Would you return the listing that follows exactly, leaving its pictures behind?

● DATASET SECTION
--- START ---

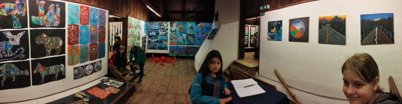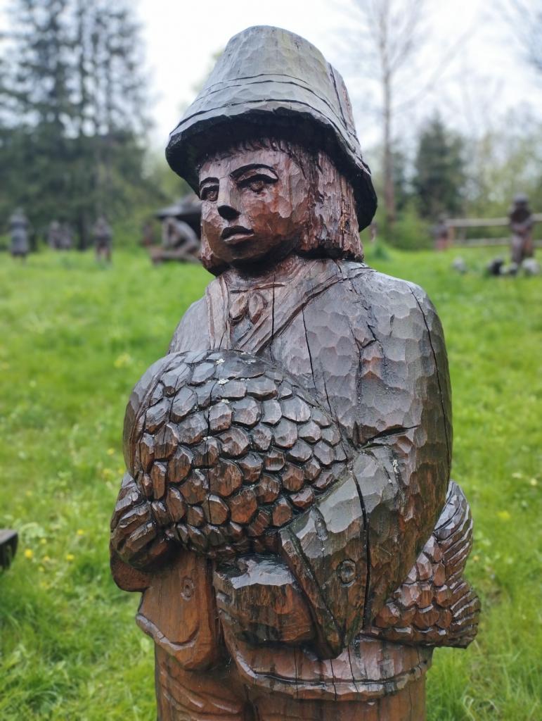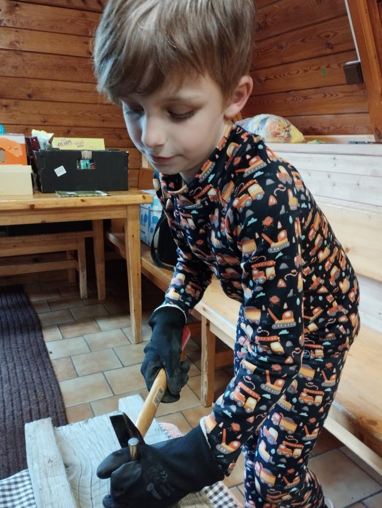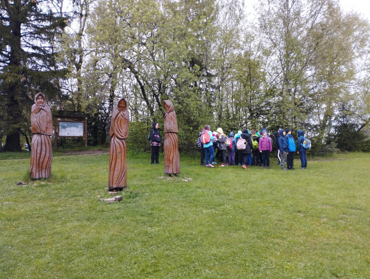 Cesta vlakem rychle uběhla a brzy jsme se ubytovali. Po výborném obědě a poledním klidu jsme s dětmi vyrazili poznávat okolí. Obdivovali jsme dřevěné sochy a hádali řemesla, která představují. Počasí nám první den přálo, tak jsme navštívili i hřiště, kde se děti vyřádily na prolézačkách a klouzačce. Večer si děti začaly tvořit deník, do kterého pak po celý pobyt ve škole v přírodě zapisovaly své zážitky. Také byly rozděleny do 3 týmů – na červené, modré a zelené.
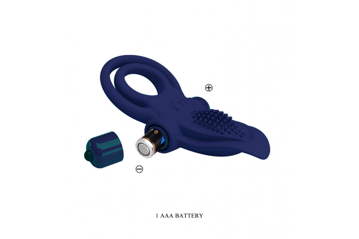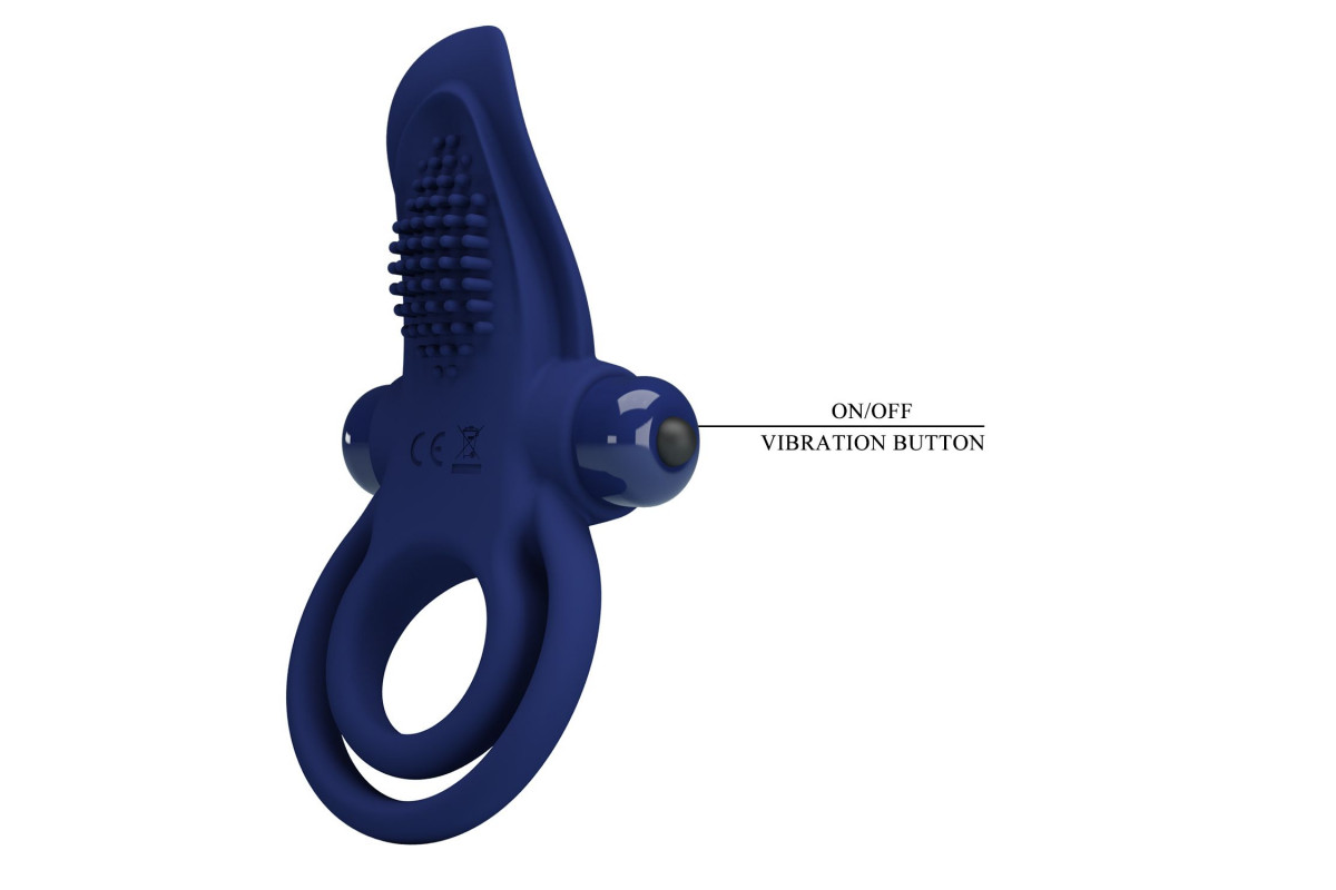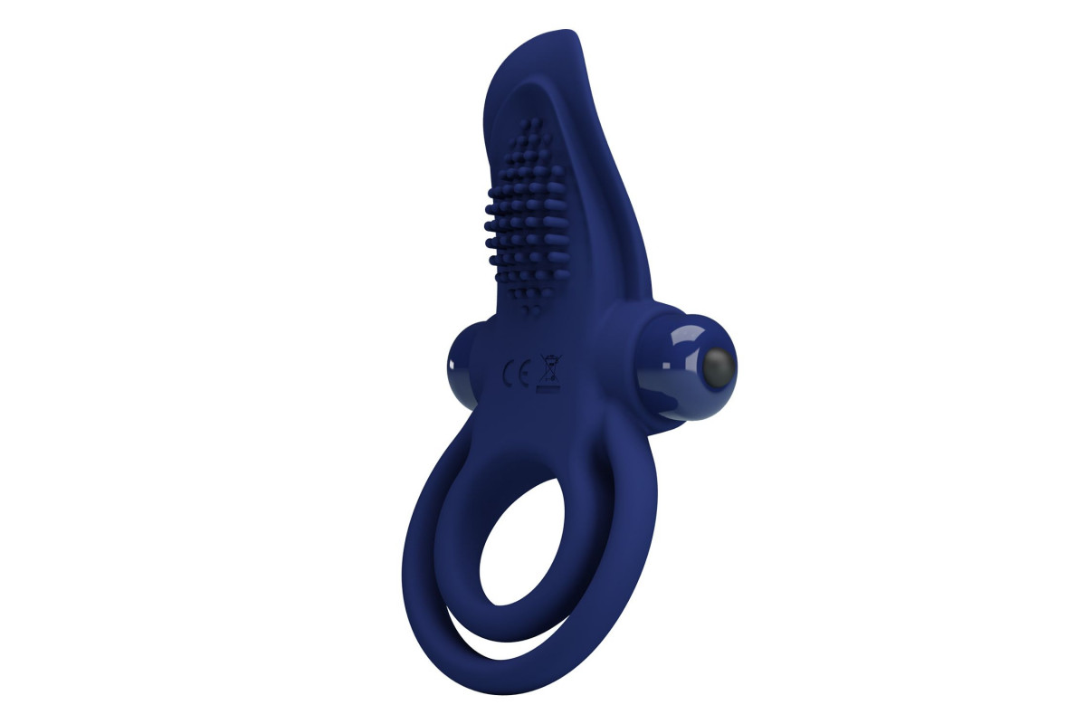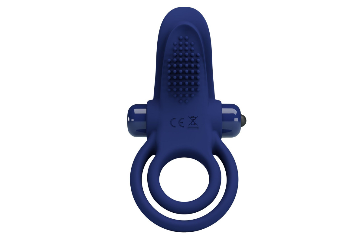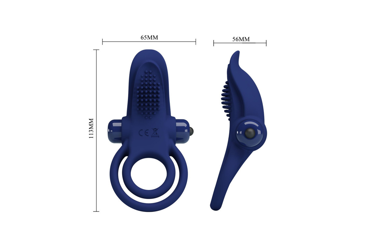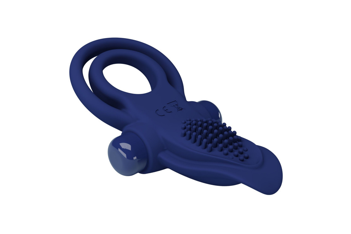 Синее силиконовое эрекционное кольцо с вибрацией и подхватом мошонки
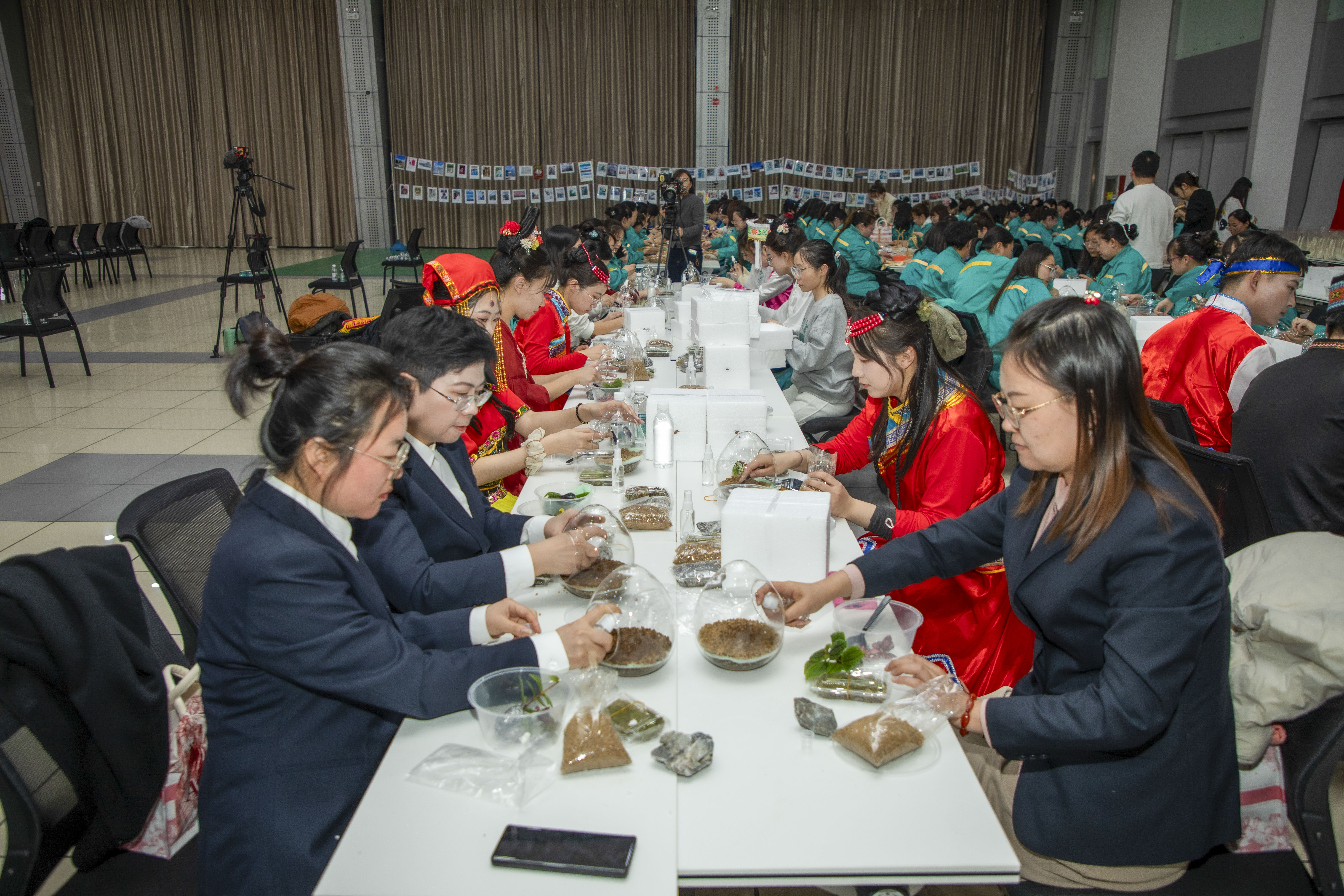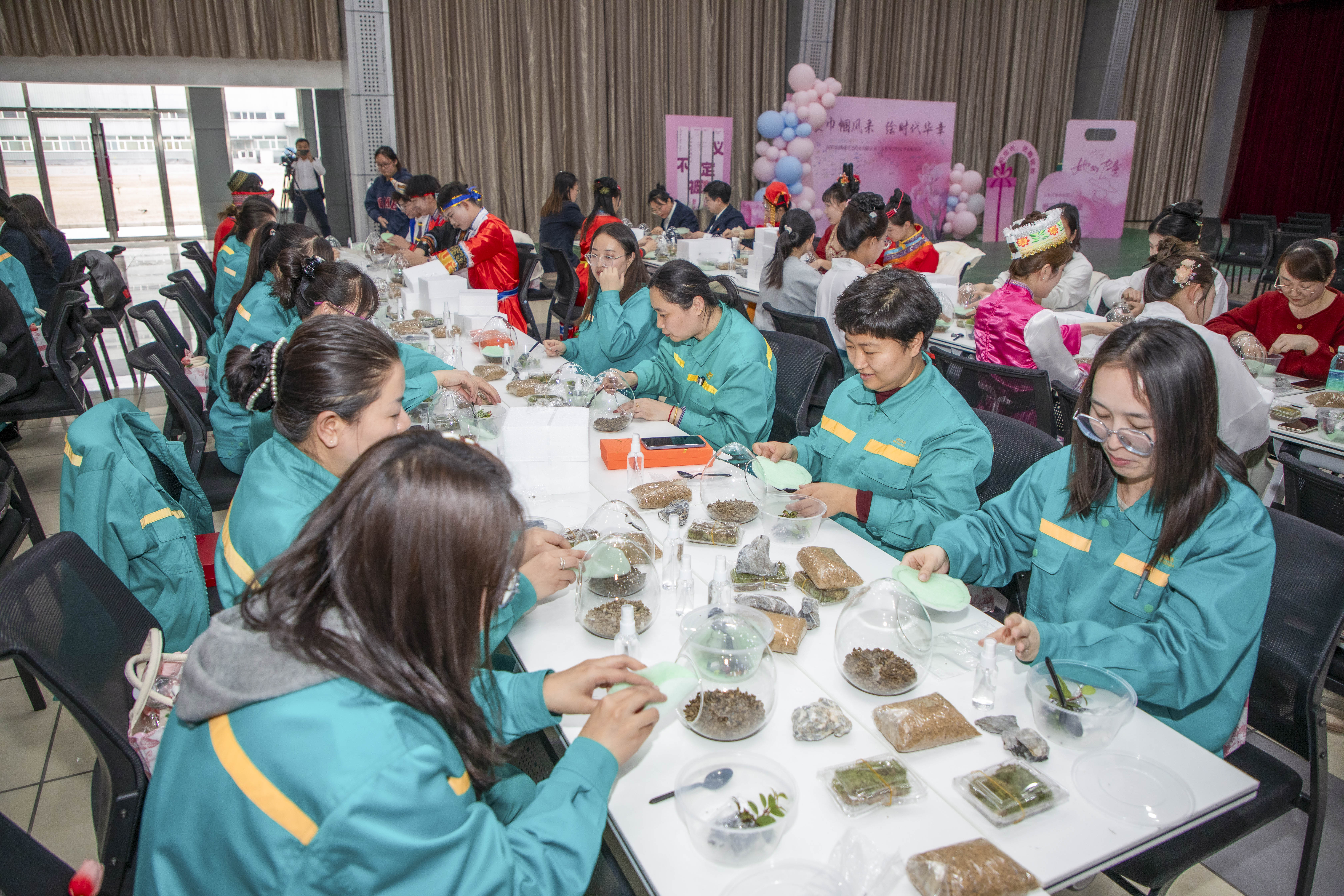 会后,公司组织了丰富多彩的文化活动。在手工制作活动中,工作人员身着绚丽多彩的民族服饰,为活动增添了浓郁的节日氛围。女职工们有的化身能工巧匠,将华丽的扇面精心裁剪,贴合,配合精致的流苏、扇坠,制作出精美的手工团扇,有的化身“自然设计师”,将苔藓、多肉与装饰品巧妙搭配,在容器中打造出一方方生机盎然的微观世界。

--- END ---

● WRITTEN ANSWER
 Cesta vlakem rychle uběhla a brzy jsme se ubytovali. Po výborném obědě a poledním klidu jsme s dětmi vyrazili poznávat okolí. Obdivovali jsme dřevěné sochy a hádali řemesla, která představují. Počasí nám první den přálo, tak jsme navštívili i hřiště, kde se děti vyřádily na prolézačkách a klouzačce. Večer si děti začaly tvořit deník, do kterého pak po celý pobyt ve škole v přírodě zapisovaly své zážitky. Také byly rozděleny do 3 týmů – na červené, modré a zelené.
 Синее силиконовое эрекционное кольцо с вибрацией и подхватом мошонки
 会后,公司组织了丰富多彩的文化活动。在手工制作活动中,工作人员身着绚丽多彩的民族服饰,为活动增添了浓郁的节日氛围。女职工们有的化身能工巧匠,将华丽的扇面精心裁剪,贴合,配合精致的流苏、扇坠,制作出精美的手工团扇,有的化身“自然设计师”,将苔藓、多肉与装饰品巧妙搭配,在容器中打造出一方方生机盎然的微观世界。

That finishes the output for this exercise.